# query about plockton



## sheila1947 (Nov 23, 2012)

has anyone been to Plockton in their van when touring Scotland, and if so does a large motorhome present any problems and are there any sites within walking distance


----------



## 113016 (Jun 5, 2008)

About three or four years ago, we did a quick 9 day tour up in Scotland.
Up to Inverness and across to Isle of Skye for a few days.
Then onto Plockton where we were disappointed as in our opinion, it was nothing special and Skye was nicer.
Can't help with campsite's as we wilded for the duration.


----------



## claydon59 (Nov 5, 2009)

Called in on our way back from Skye this summer and would agree that there is not much there apart from a stunning view and on a good day which we had a good lunch sat outside the local pub looking across the bay, worth calling in, we were in an 8m motorhome and had no issues at all, did not see any campsites though.


----------



## 113016 (Jun 5, 2008)

We thought the views were much nicer from Skye  
Maybe as we used to live in Devon, with its quaint little villages, Plockton was nothing special


----------



## blondel (Jun 12, 2005)

Went to Sky and Plockton on same trip a few years ago. Couldn't see anything on Sky for the midges late afternoon bridge across and 1st ferry off. Even the dog couldn't stand it. Plockton was great for a day visit. Went out on the boat, had lunch in the pub and generally enjoyed the place and the fact that there were no midges!
Would nevertheless like to go back to Sky but probably would have to go in mid winter with snow on the ground.
I am one of those who react badly to bites so it is a real concern.

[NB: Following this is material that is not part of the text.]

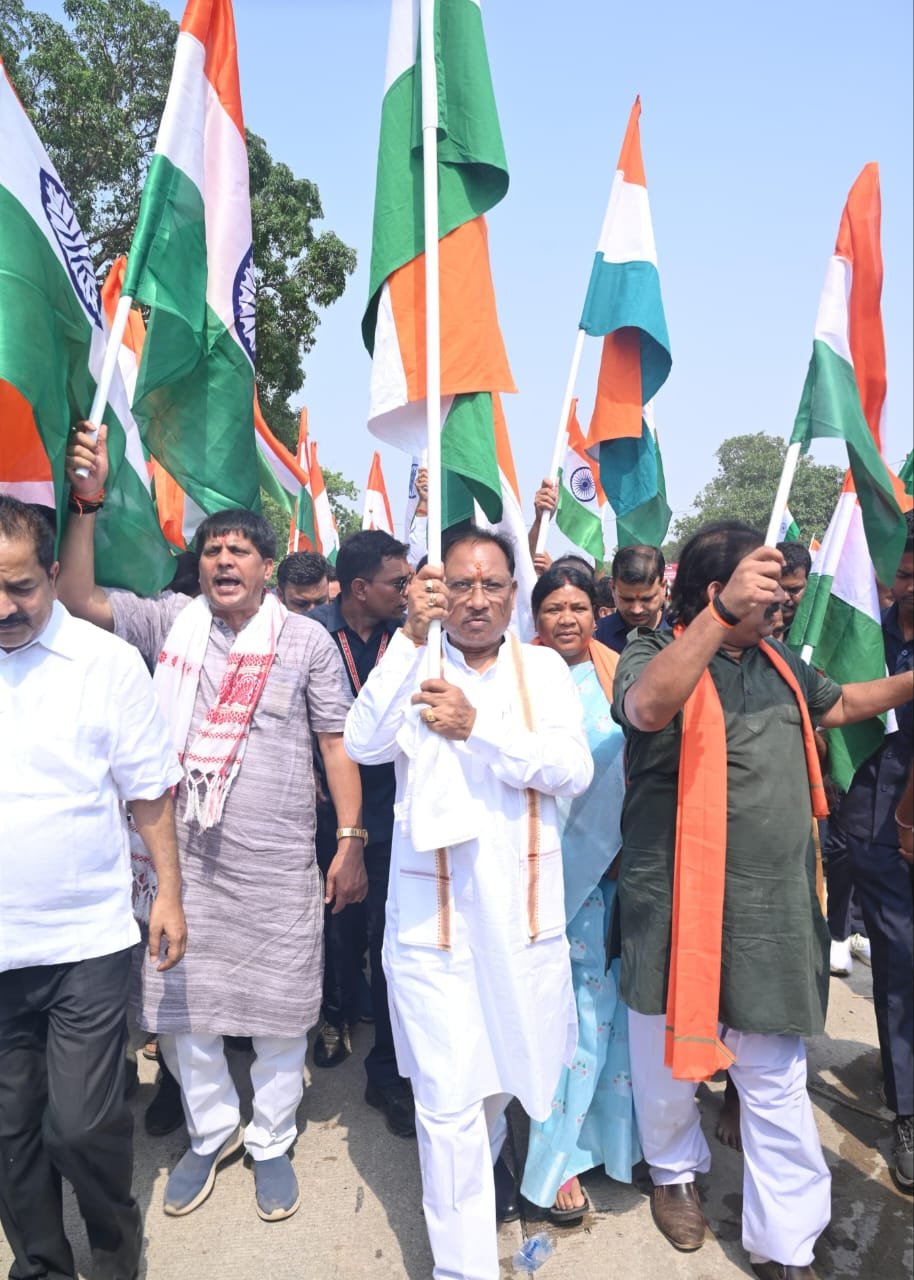 मुख्यमंत्री श्री विष्णु देव साय के साथ जनप्रतिनिधि और बड़ी संख्या में आम नागरिक हाथ में तिरंगा लेकर यात्रा में शामिल हुए

ps Went to the Camargue in late October in the mistaken impression that mozzies would not be too much of a problem then - I was wrong!


----------



## Kev1 (Apr 4, 2011)

We went to Plockton end of Sept 2011
We stopped overnight in the car park on the front
It said no over nighting but it was quiet and I asked at the chip shop
if it would be ok


No prob had a drink in the pub 100yards away


----------



## Pard (May 1, 2005)

The mention of Plockton brings back memories of camping in a hired Bedford CF Inca some 35 years ago. 

We stopped overnight there on the small campsite (is it still there?) and, being distrustful from experience of my wife's habit of misplacing keys, didn't let her take one. Well, inevitably when we went for an evening stroll, I managed to lock the keys inside. After calls to the AA who wouldn't come as we were too far away, a kindly and inventive fellow camper produced an old wire hanger and managed to effect entry. 

Delightful place though.

Have I been allowed to forget the event? Oh no - despite the number of keys misplaced by SWMBO since. She knows that I know that if I comment...


----------



## Solwaybuggier (Mar 4, 2008)

We called there last year - village itself was fine but the road to it (I think we came from Strome Ferry direction) was a bit unnerving - pretty narrow and there was quite a lot of heavy traffic on it. At one point passing was *very* tight.


----------



## Kev1 (Apr 4, 2011)

we camped about half a mile outside Plockton somewhere near a crossroad junction about 35 years ago
i think it's now got houses built on the spot.
kev


----------



## Spiritofherald (May 18, 2012)

I've been to Plockton a few times and agree there isn't much there, but if you go wandering on foot it is a nice place to be with a couple of pubs selling decent food. Do watch out for cattle when driving as they are allowed to roam the streets freely. I would recommend parking before entering the sea front road as it is narrow and doesn't go anywhere anyway.

While you're in the area, and if you're in a car, then I would recommend taking the Drovers Road to Applecross. It's about 35 miles form Plockton but allow 1.5 hours as it's not an easy route. It's a fantastic road but probably not good with a large motorhome! Applecross is a nice place to visit too with a great cafe and plenty of views and seal spotting opportunities. If the pass scares you then there is an alternative, but longer route via Shiedaig. Take a look at this if you have never been there, FANTASTIC -

http://www.google.co.uk/search?q=Be...&ei=V3jAULrqLKbX0QG04IDoAw&sqi=2&ved=0CCwQsAQ


----------